For semantic caching: hash embedding bucket → cached responses for similar.
3. RAG over long context
Don't dump entire KB into prompt. Retrieve top-K. Smaller context = cheaper + better.
4. max_tokens cap
Prevents runaway responses (especially with reasoning models).
5. Streaming + early termination
Stream output; user can stop if going wrong → save tokens.
6. Embedding optimization
- text-embedding-3-small over -large (saves 6x cost).
- Dimension reduction (1536 → 256): saves storage + search cost; minor quality loss.
- Cache embeddings for unchanged docs.
7. Quantize / cheaper rerankers
Use small open rerankers (BGE) over Cohere if quality OK.
8. Self-host break-even
Break-even typically >10M tokens/day on dense workloads. Below: API cheaper. Above: self-host worth considering.
Monitoring
OTel emits gen_ai.usage.input_tokens, gen_ai.usage.output_tokens, model.
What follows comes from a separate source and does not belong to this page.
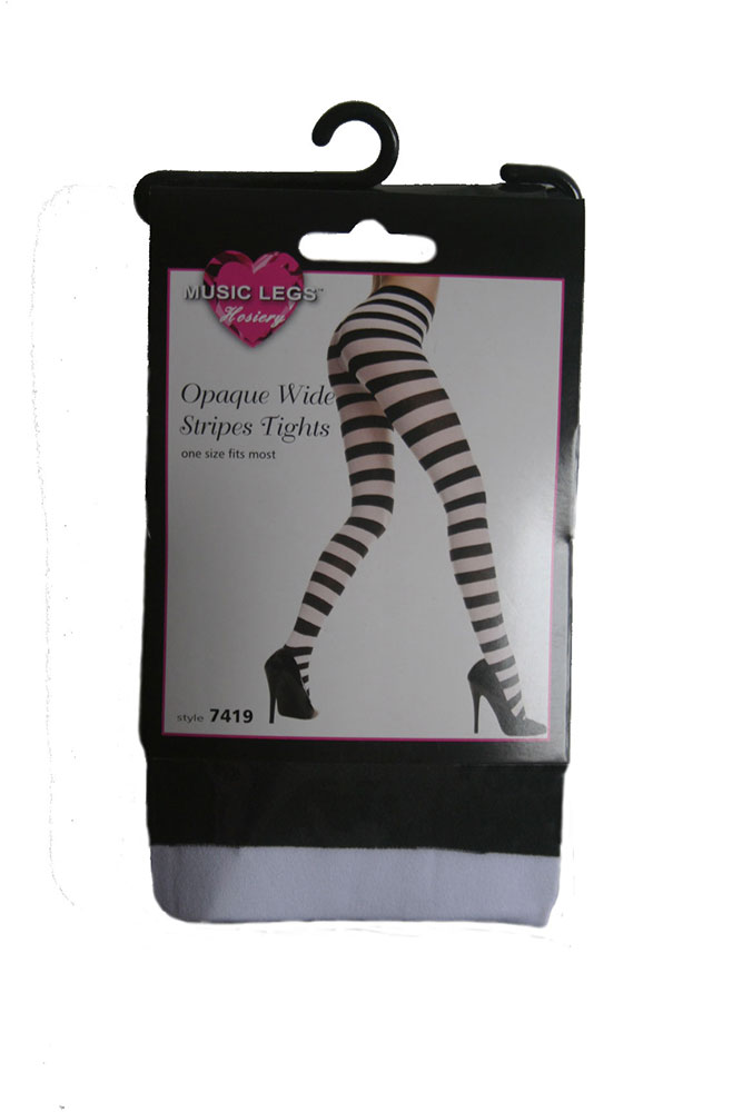 LADIES MUSIC LEGS BLACK WHITE WIDE STRIPES TIGHTS WITH FEET .. ONE SIZE FITS MOST .. STYLE 7419 .. 100-175 LBS .. New
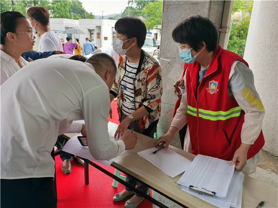 “大家不要著急,請有序排好隊(duì)。”“請接種疫苗的人,在這里領(lǐng)取健康填寫申報(bào)表,寫好后交給我們的工作人員。”6月3日下午,南京市棲霞區(qū)棲霞街道攝山村兩委班子成員在棲霞社區(qū)衛(wèi)生服務(wù)中心新冠疫苗接種點(diǎn)現(xiàn)場,靠前做好服務(wù)保障,引導(dǎo)群眾有序進(jìn)行疫苗接種。

Build dashboards.
// KQL on App Insights
customMetrics
| where name startswith "gen_ai"
| summarize total = sum(value) by model = tostring(customDimensions.model), tokens = tostring(customDimensions.token_type)
Cost alerts
- Daily budget per tenant.
- Alert at 80% of budget.
- Hard cap at 100% — return graceful error.
- Investigate spikes (abuse? bug? new feature?).
Examples
RAG chatbot, 1M queries/month
Avg query: 3K input + 500 output
With gpt-4o: 1M * (3K * 2.50/1M + 500 * 10/1M) = ~$12,500/mo
With gpt-4o-mini: 1M * (3K * 0.15/1M + 500 * 0.60/1M) = ~$750/mo
Savings: 94%
For most queries, mini is fine; use gpt-4o for hard ones.
Agent with tool use
Reasoning models multiply this 2-5x.
Embedding 1M docs
1M * 1K tokens * $0.02/M = $20 (text-embedding-3-small)
1M * 1K tokens * $0.13/M = $130 (text-embedding-3-large)
Senior considerations
- Daily/per-tenant budget: hard caps prevent runaway.
- Model routing as policy: documented; reviewed.
- Cost per-feature: tag spans with
feature_id. - Per-customer cost: for B2B, attribute and bill.
- Staging cost can dominate small teams — use cheaper models there.